The anti-fear effect vs Will causing a hardened warrior to run away.
The anti-goad/ruse effect vs Will causing (i) another warrior (or more) to engage the target or causing (ii) a ranged character (be it bowman or wizard) to engage the target. When I say "engage", I mean "move into melee and attempt to attack".
I thought both of those pretty well represented the most ardent of the two positions. There is no distortion there. They are two sides of the same coin so I'm just wondering how its possible to hold both positions simultaneously.
My personal take is that I find it considerably nonsensical for a hardened, veteran warrior who consistently faces certain death and moves forward in the face of it to randomly (i) run for his life in fear and (ii) expose his comrades to peril. Hardened warriors jump on grenades so their buddies don't die. They don't run the opposite direction when the chips are down. Might they suffer some kind of shaken effect? Perhaps. But that is about the extent of it.
My personal take is that I find it considerably nonsensical for a wizard or a bowman to engage a hardened warrior in battle regalia in melee on the strength of a challenge or a goad...they're not going to fight the battle on his terms, that doesn't make sense. However, might they move forward a few paces to fire a point-blank shot into his head, execution-style, to make sure ("How do you shoot the devil in the back...what if you miss?") that their enemy is good and dead? I can buy that.
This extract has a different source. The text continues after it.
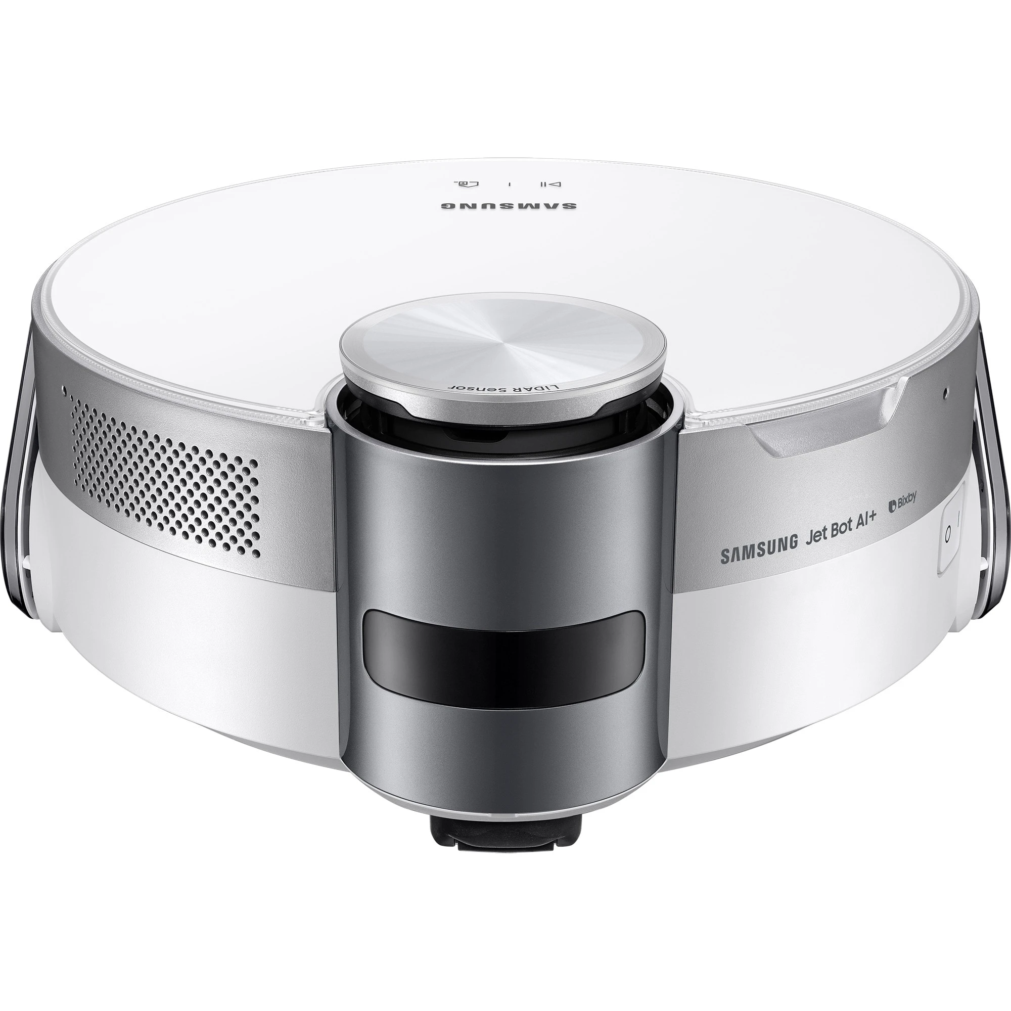 Mit dem Jet Bot AI+ von Samsung kann man eine smarte Art des Saubermachens genießen. Der Jet Bot reinigt das Zuhause, ohne dass vorher jeder Raum auf Hindernisse überprüft werden muss. Der 3D-Sensor scannt mit einer 3D-Tiefenkamera präzise einen großen Bereich. Er kann die Raumstruktur und unterschiedliche Hindernisse erkennen, auch schmale oder kleine Objekte wie Kabel, selbst wenn sie nur 1 cm hoch sind. Dank KI-Objekterkennungstechnologie kann der Saugroboter verschiedene Arten von Gegenständen und Möbeln identifizieren und klassifizieren sowie deren Position speichern. Der Jet Bot AI+ reinigt nahe um Gegenstände herum und hält einen sicheren Abstand zu zerbrechlich erkannten Objekten wie Vasen. Für eine effiziente und gründliche Reinigung ermittelt der LiDAR-Sensor die Position des Jet Bot, indem er die Räumlichkeiten scannt, um so Informationen zu den Entfernungen im Raum zu sammeln. Auf diese Weise kann der Saugroboter noch effizienter eine größre Fläche saugen. Reinige dein Zuhause effizient und kraftvoll mit leistungsstarker Technologie von Samsung. Der Digital Inverter Motor und die Jet Cyclone-Technologie sorgen für eine starke Saugkraft. Die effiziente Bürste reinigt unterschiedliche Arten von Böden inklusive Hart- und Teppichböden gründlich, ohne dass sich viele Haare und Ähnliches um die Bürste wickeln. Der Jet Bot AI+ kann die Art der Oberfläche und die Staubmenge erkennen und passt die Saugkraft automatisch an. So erhöht er bei Teppichen die Saugkraft, um diese gründlich zu reinigen. Nach der Reinigung kehrt der Jet Bot automatisch zur Clean Station zurück, die den Staubbehälter mithilfe der “”Air Pulse””-Technologie automatisch entleert. Mit der SmartThings App kann die Reinigung ausgewählter Räume aus der Ferne geplant werden und No-Go-Zonen eingerichtet werden. Mithilfe des Live-Reinigungsberichts lässt sich zudem in Echtzeit überwachen, wo der Jet Bot AI+ gerade reinigt. Mit der Frontkamera können Videobilder gestreamt werden.

And beyond that, I can absolutely, 100 % buy hardened warrior challenging hardened warrior to hand-to-hand combat and the siren-call of the ego getting the better of the opponent...there is literally a legion of these examples in the animal kingdom (human animals included).
I can buy that a lot more than I can buy a hardened warrior, who would jump on a grenade to save his buddies, running for his life in fear and exposing his comrades to peril. However, all of that being said...I'm of a mind that I want my fiction to be as diverse as possible. As such, I want all of the above possibilities to be available in the rendering of the conflict and I want PC build resources (to make you more willful or made of sterner stuff) to play a role in the outcome...and I want dice or other fortunes to play a role in the outcome...and I want the genre preferences at the table and the creativity of the group in question to have a go at skinning the outcomes to their liking. As such, we have the possibility of hardened warriors running for their lives, warriors being challenged and accepting, and bowman and wizards being tricked into taking a few steps forward for the chance at execution-like precision "just to be sure".